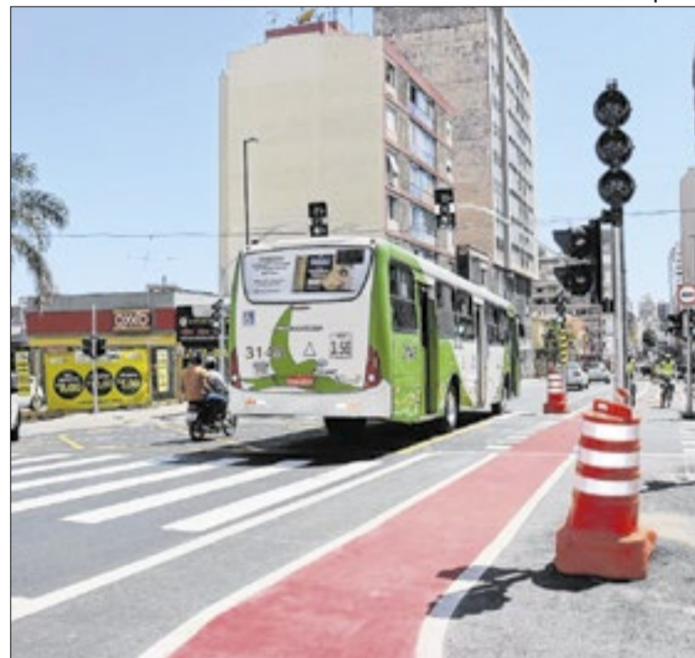
Colegiado critica extensão contratual por até três anos

A população de Campinas assiste, atônita, a essa política miúda, onde as secretarias viram moeda de troca e o plenário vira palco de homenagens vazias, enquanto os problemas estruturais da cidade permanecem intocados. Será que há consciência do que fazem?
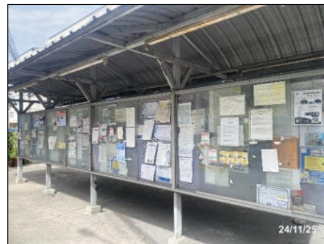
ภาพที่ 2.2-15 บอร์ดประชาสัมพันธ์รับสมัครงาน
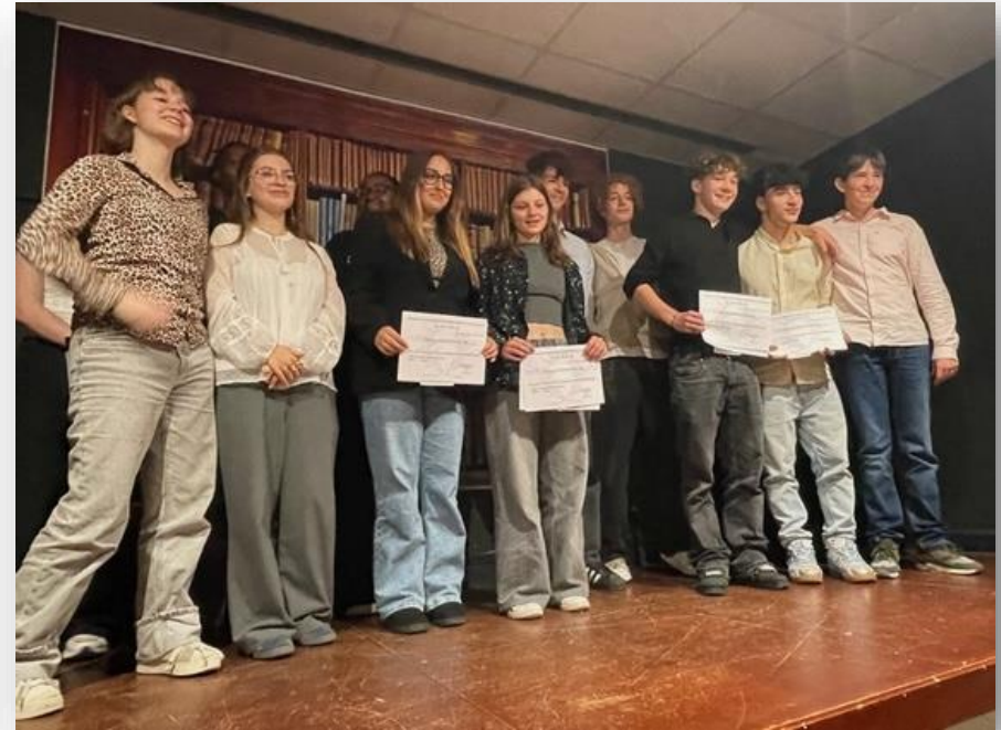
Lauréats et candidats

Le vendredi 23 mai 2025 , le lycée Saint Bénigne de Dijon a accueilli la finale de la 3ème session du concours de « Joutes oratoires » organisé par l'AMOPA 21. Le thème choisi pour cette session 2025 était :
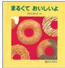
まるくて いいよ こにし えいこ/作 福音館書店
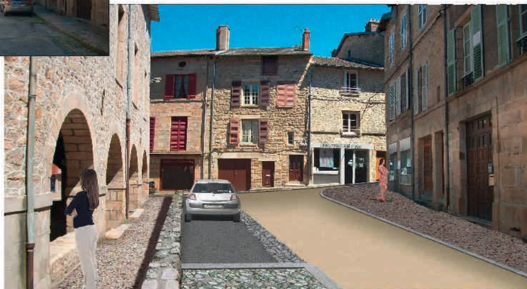
Perspective du projet d'aménagements de la place de l'ancienne Mairie

************

◆ Problem statement ◆
Word for word, give the entries above again, with no images included.

◆ Task result ◆
Colegiado critica extensão contratual por até três anos

A população de Campinas assiste, atônita, a essa política miúda, onde as secretarias viram moeda de troca e o plenário vira palco de homenagens vazias, enquanto os problemas estruturais da cidade permanecem intocados. Será que há consciência do que fazem?
ภาพที่ 2.2-15 บอร์ดประชาสัมพันธ์รับสมัครงาน
Lauréats et candidats

Le vendredi 23 mai 2025 , le lycée Saint Bénigne de Dijon a accueilli la finale de la 3ème session du concours de « Joutes oratoires » organisé par l'AMOPA 21. Le thème choisi pour cette session 2025 était :
まるくて いいよ こにし えいこ/作 福音館書店
Perspective du projet d'aménagements de la place de l'ancienne Mairie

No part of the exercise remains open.